**What to work on:**
Reproduce the listing below exactly. Pictures do not belong in the copy.

━━━━━ Data ━━━━━

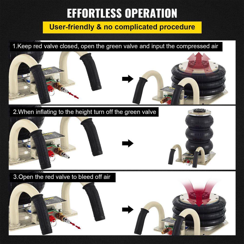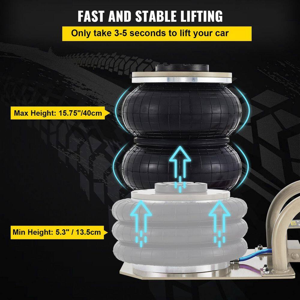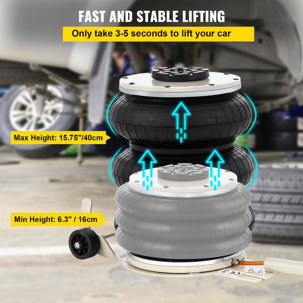 VEVOR QJD5TSBQNS0000001V0 Pneumatic Air Jack 5-Ton/11000 lbs. Triple Bag Air Jack Lifting Height 6.3 in. to 15.75 in. Inflatable Car Jack Lifter
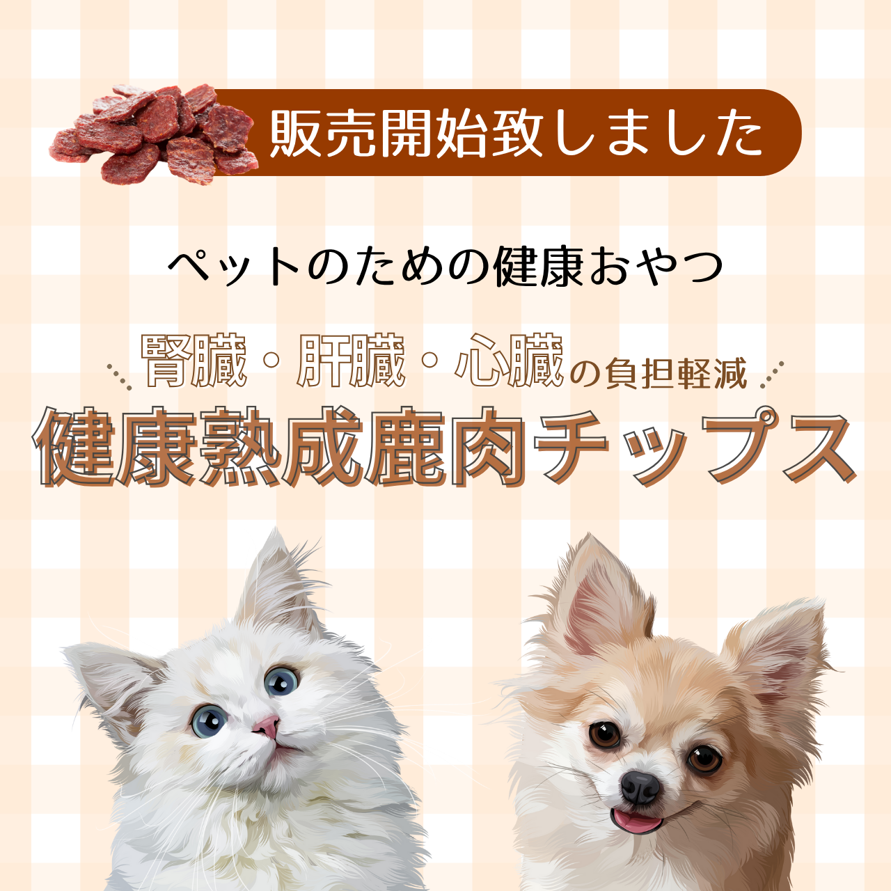 水分量の多いしっとり系熟成鹿肉チップス。ペットの健康長生きを目指します。
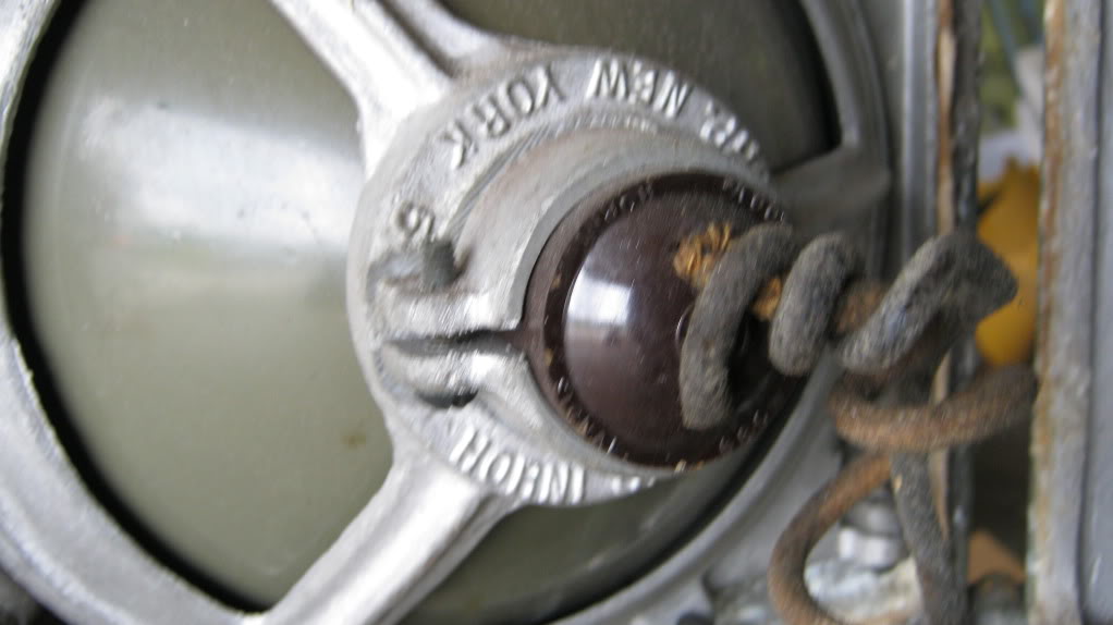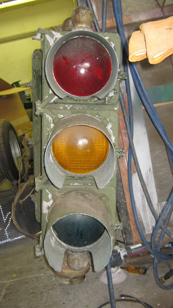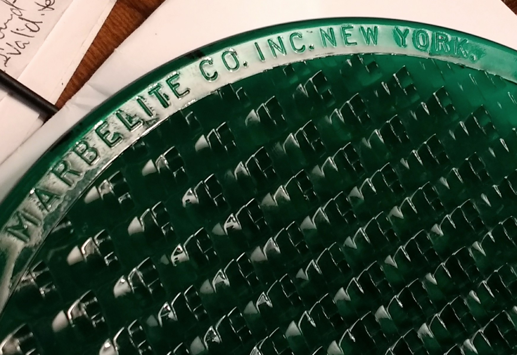 The photos above show Marbelite signals from the late 1940s. The blank doors with the “X” are a rare bird indeed. I have only seen one other signal, in the town of Rye, NY, with these blanks. The short, horizontal cutaway visors and the stubby finial are typical of the older Horni signals that Marbelite inherited in 1947. The cracked “emerald green” lens seen in the last photo is a rare Marbelite No. 6540 lens.
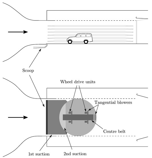 - Sternéus, J.; Walker, T.; Bender, T. Upgrade of the Volvo Cars Aerodynamic Wind Tunnel; SAE Technical Paper 2007-01-1043; SAE International: Warrendale, PA, USA, 2007. [Google Scholar] [CrossRef]

━━━━━

**Solution to the problem:**
 VEVOR QJD5TSBQNS0000001V0 Pneumatic Air Jack 5-Ton/11000 lbs. Triple Bag Air Jack Lifting Height 6.3 in. to 15.75 in. Inflatable Car Jack Lifter
 水分量の多いしっとり系熟成鹿肉チップス。ペットの健康長生きを目指します。
 The photos above show Marbelite signals from the late 1940s. The blank doors with the “X” are a rare bird indeed. I have only seen one other signal, in the town of Rye, NY, with these blanks. The short, horizontal cutaway visors and the stubby finial are typical of the older Horni signals that Marbelite inherited in 1947. The cracked “emerald green” lens seen in the last photo is a rare Marbelite No. 6540 lens.
 - Sternéus, J.; Walker, T.; Bender, T. Upgrade of the Volvo Cars Aerodynamic Wind Tunnel; SAE Technical Paper 2007-01-1043; SAE International: Warrendale, PA, USA, 2007. [Google Scholar] [CrossRef]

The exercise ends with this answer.